Fire effects on ecosystems refer to the influences of wildfires on vegetation structure, soil properties, biodiversity, carbon cycling, and overall ecological processes in natural systems.
The field encompasses 110,581 published works documenting how fires alter forest communities, tree mortality, and wildfire activity linked to climate factors. Westerling et al. (2006) demonstrated increased Western U.S. forest wildfire activity due to warming and earlier springs. Allen et al. (2009) revealed emerging climate change risks for global forests through drought- and heat-induced tree mortality.
Research Sub-Topics
Post-fire Vegetation Succession
This sub-topic examines the temporal dynamics of plant community recovery following wildfire disturbance, including species replacement patterns and successional trajectories. Researchers study mechanisms driving regeneration, such as seed banks, sprouting, and facilitation processes across forest, shrubland, and grassland ecosystems.
Fire Regime Effects on Soil Properties
This area investigates how fire frequency, intensity, and severity alter soil physicochemical properties like nutrient cycling, microbial communities, and erosion potential.

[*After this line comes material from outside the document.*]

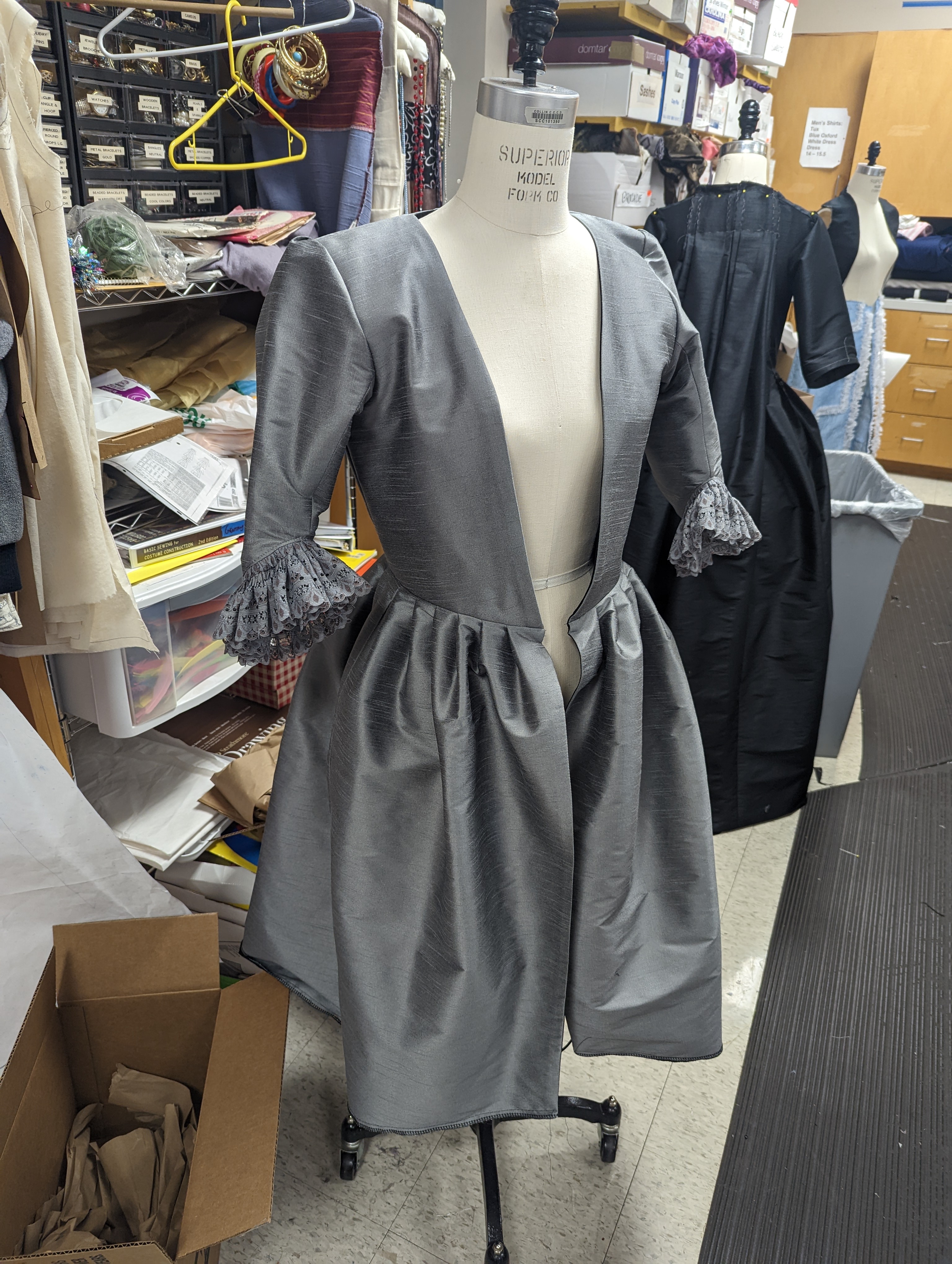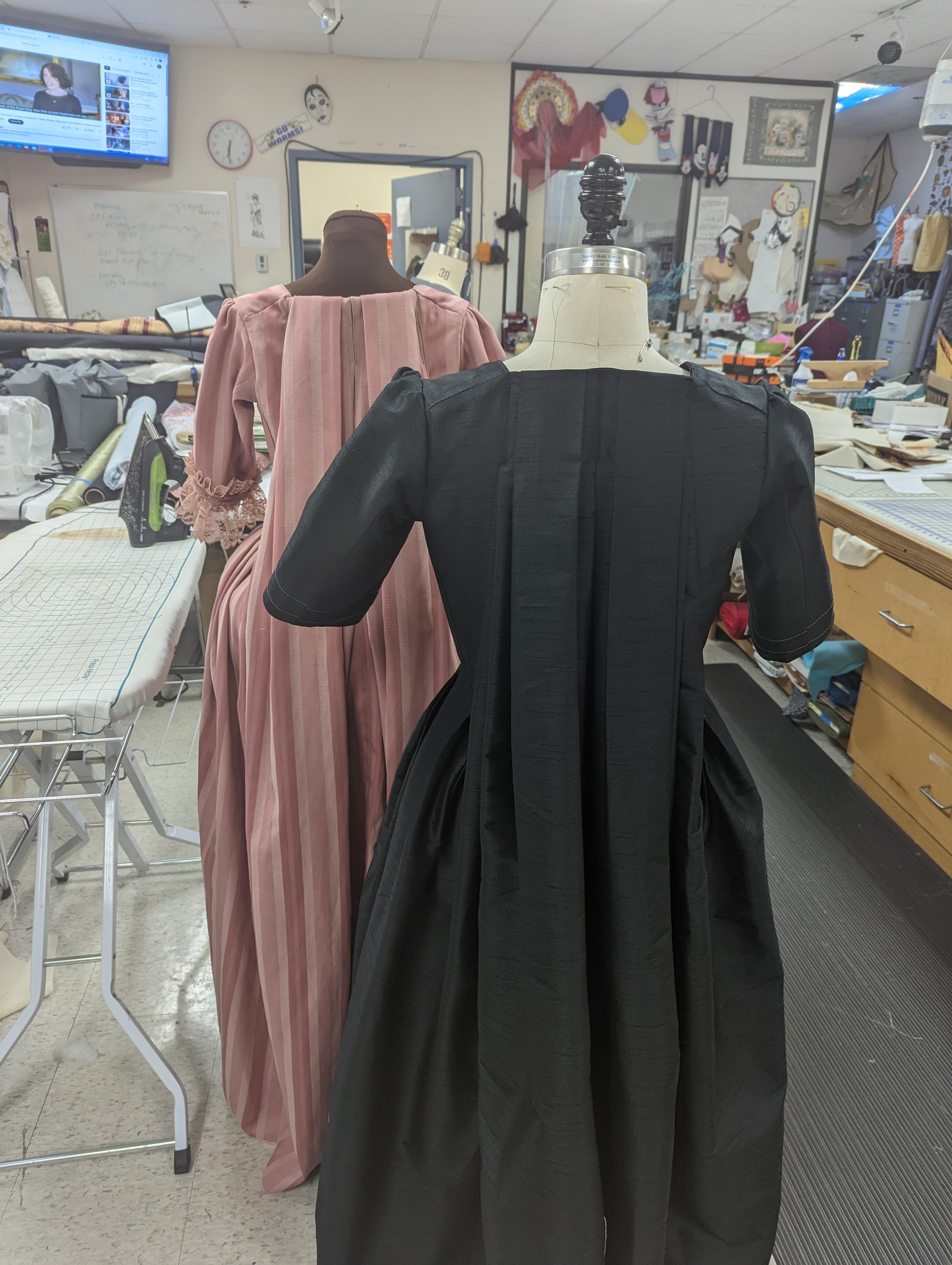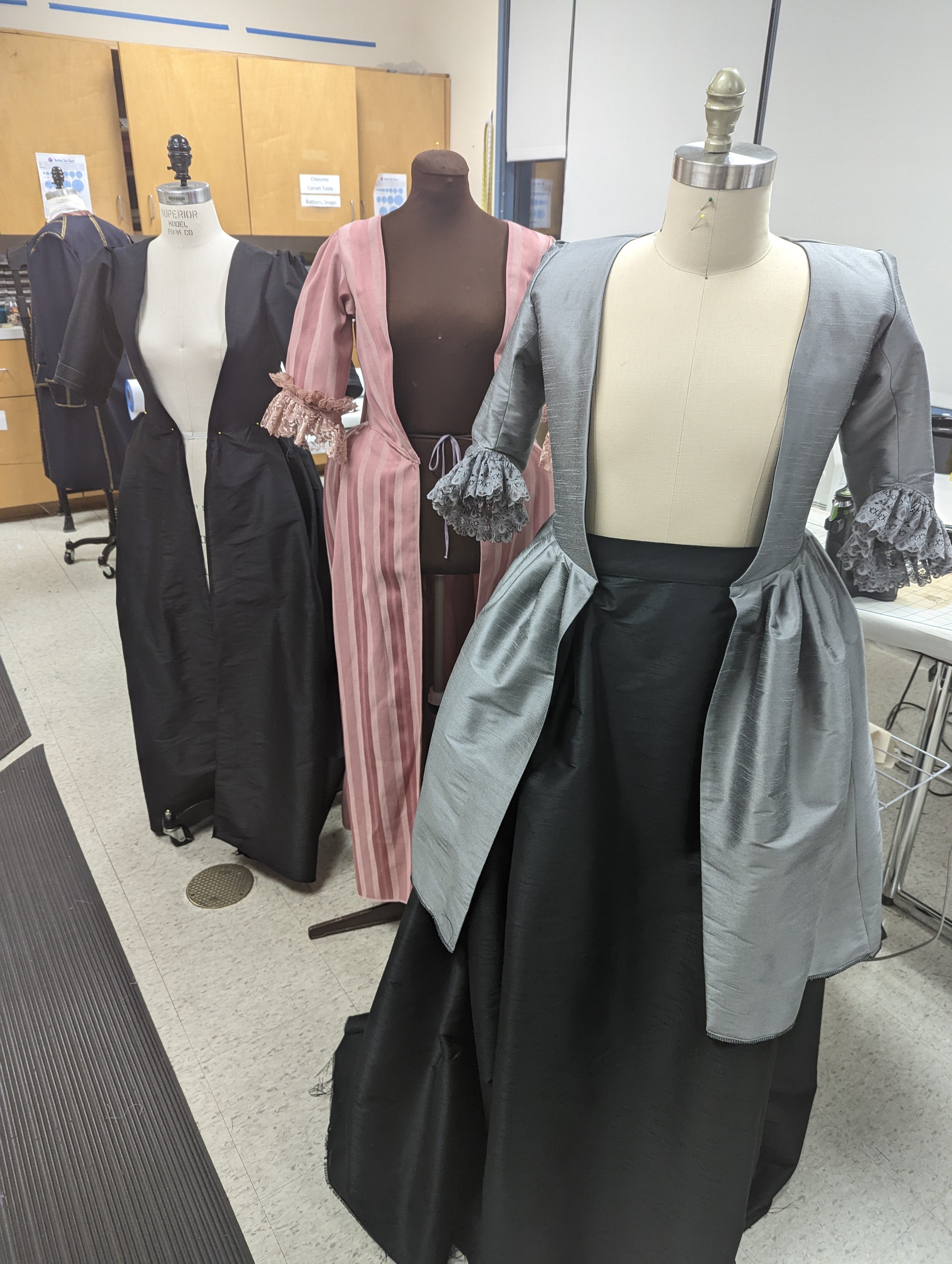 I mostly focused on the women’s costumes for this play and made the majority of the outfits for Flipote (grey and black ensemble), Madame Pernelle (black dress), Mariane (pink dress), and Dorine (blue dress). I also assisted with some of the men’s outfits as well.

Studies quantify short- and long-term impacts on soil organic matter, pH, and hydrophobicity in various biomes.
Wildfire Impacts on Wildlife Populations
Researchers analyze direct mortality, habitat loss, and behavioral responses of animal species to fire events, including population-level consequences and adaptation. Focus includes bird, mammal, and invertebrate responses across different fire-adapted ecosystems.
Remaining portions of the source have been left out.